45

I am launching a django application on aws elastic beanstalk. I'd like to run background task or worker in order order to run celery.

I can not find if it is possible or not. If yes how could it be achieved?

Here is what I am doing right now, but this is producing an event type error every time.

container_commands:
  01_syncdb:
    command: "django-admin.py syncdb --noinput"
    leader_only: true
  50_sqs_email:
    command: "./manage.py celery worker --loglevel=info"
    leader_only: true
Francisco C
  • 8,871
  • 4
  • 31
  • 41
Maxime P
  • 745
  • 1
  • 9
  • 12
  • what kind of error do you have? – EsseTi Feb 13 '13 at 11:13
  • I suspect you need to run celery in daemon mode: http://docs.celeryproject.org/en/latest/tutorials/daemonizing.html#daemonizing which would require a custom AMI for your beanstalk. This is not for the fainthearted as suggested here: http://docs.aws.amazon.com/elasticbeanstalk/latest/dg/using-features.managing.ec2.html – Chris Wheadon Feb 18 '13 at 12:06
  • I think you can find an answer here: http://stackoverflow.com/questions/12813586/running-pythons-celery-on-elastic-beanstalk-with-django – Zaar Hai Mar 20 '13 at 13:45
  • If you want something lighter than celery, you can try https://pypi.org/project/django-eb-sqs-worker/ package - it uses Amazon SQS for queueing tasks. – DataGreed Jun 22 '20 at 23:08

3 Answers3

71

As @chris-wheadon suggested in his comment, you should try to run celery as a deamon in the background. AWS Elastic Beanstalk uses supervisord already to run some deamon processes. So you can leverage that to run celeryd and avoid creating a custom AMI for this. It works nicely for me.

What I do is to programatically add a celeryd config file to the instance after the app is deployed to it by EB. The tricky part is that the file needs to set the required environmental variables for the deamon (such as AWS access keys if you use S3 or other services in your app).

Below there is a copy of the script that I use, add this script to your .ebextensions folder that configures your EB environment.
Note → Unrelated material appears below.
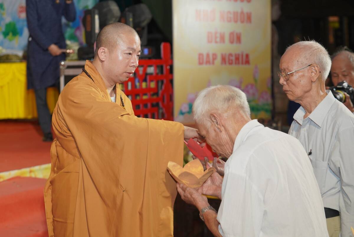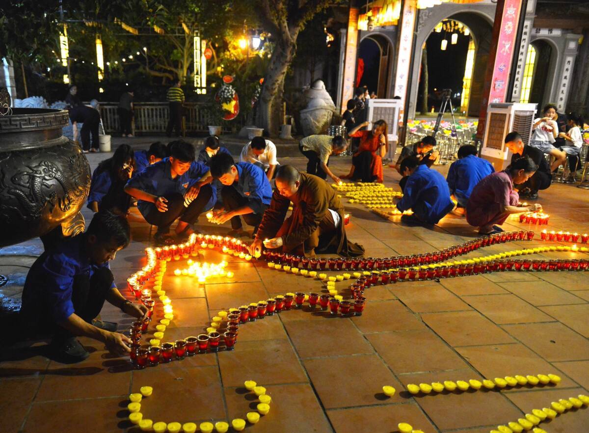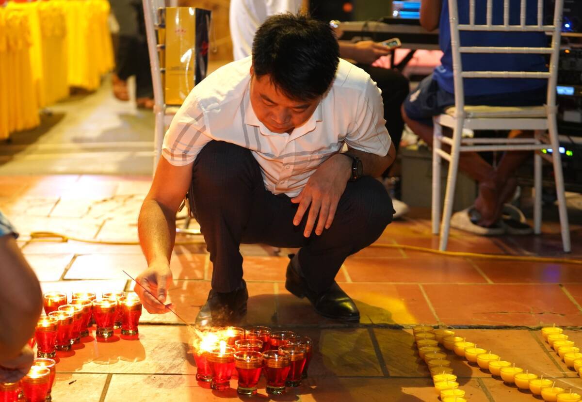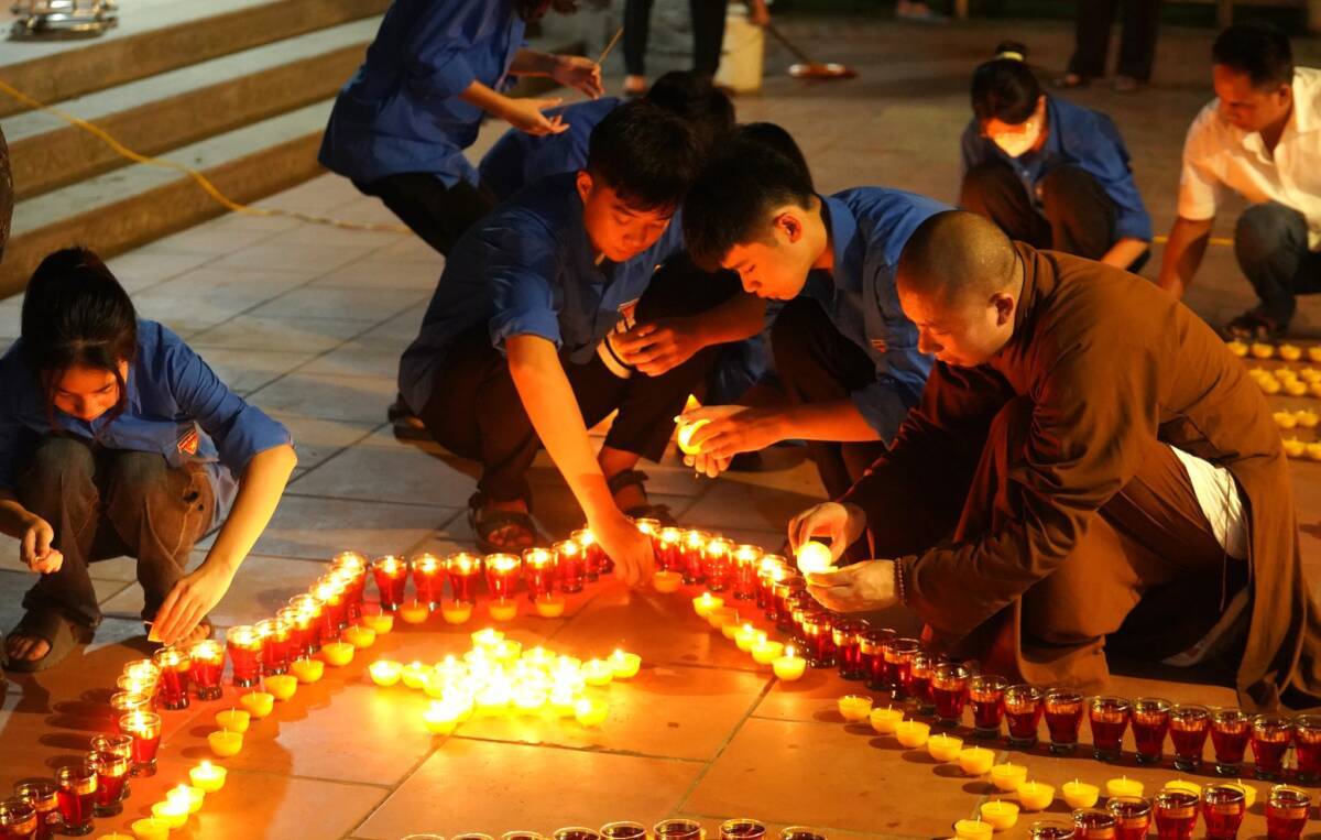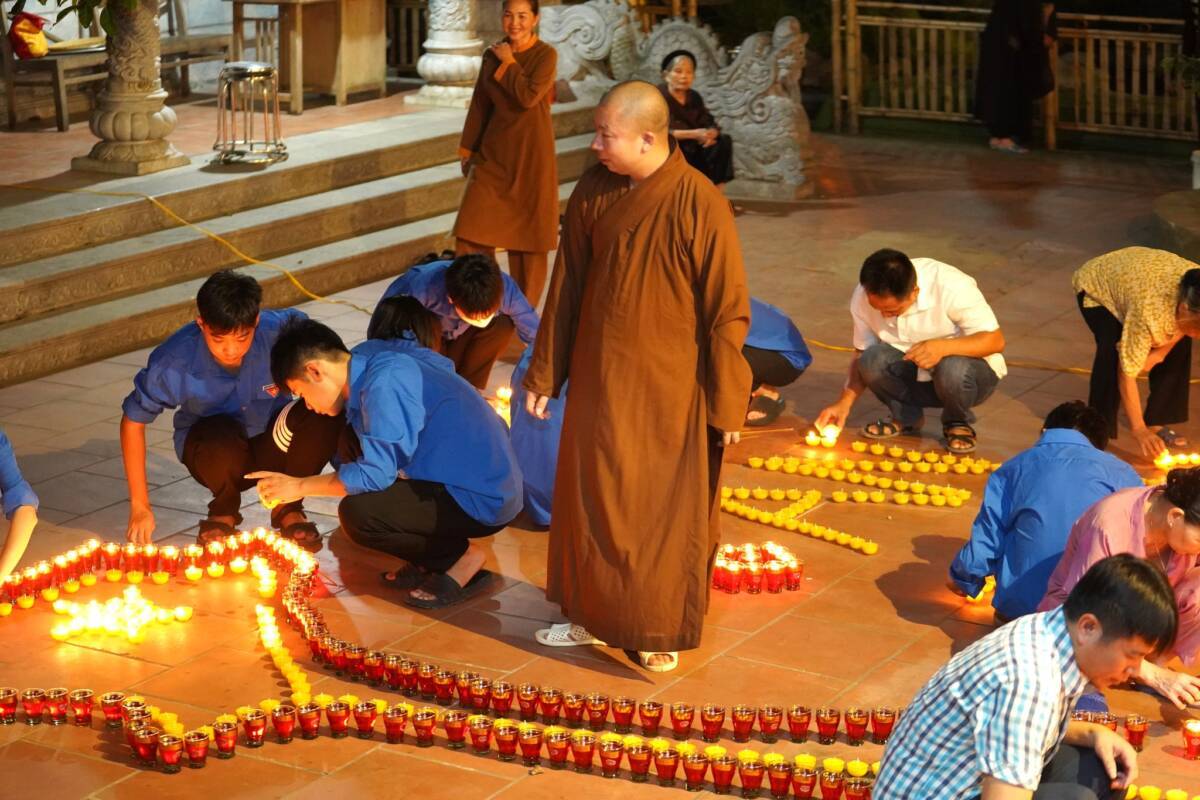 Trong không gian tôn nghiêm, linh thiêng chùa Long Đẩu, đúng 14h, tiếng chuông, tiếng mõ cầu siêu vang vọng mở đầu cho buổi lễ. Chủ lễ – Đại đức Thích Đạo Khuê là người dẫn nhịp. Đạo tràng thành kính, trang nghiêm, một lòng hướng về đức Phật từ bi. Lời kinh tiếng kệ tâm thành dẫn lối cho anh linh các anh hùng liệt sĩ, đồng bào tử nạn về với Long Đẩu tự lễ Phật, lạy Phật, trở về nước Phật. Hương thơm của nhang, ánh sáng của đèn, nến, sắc rực rỡ của hoa hòa cùng niềm thành kính của đạo tràng khiến buổi tụng niệm càng trở nên trang trọng và ý nghĩa.

The setup script creates a file in the /opt/elasticbeanstalk/hooks/appdeploy/post/ folder (documentation) that lives on all EB instances. Any shell script in there will be executed post deployment. The shell script that is placed there works as follows:

  1. In the celeryenv variable, the virutalenv environment is stored in a format that follows the supervisord notation. This is a comma separated list of env variables.
  2. Then the script creates a variable celeryconf that contains the configuration file as a string, which includes the previously parsed env variables.
  3. This variable is then piped into a file called celeryd.conf, a supervisord configuration file for the celery daemon.
  4. Finally, the path to the newly created config file is added to the main supervisord.conf file, if it is not already there.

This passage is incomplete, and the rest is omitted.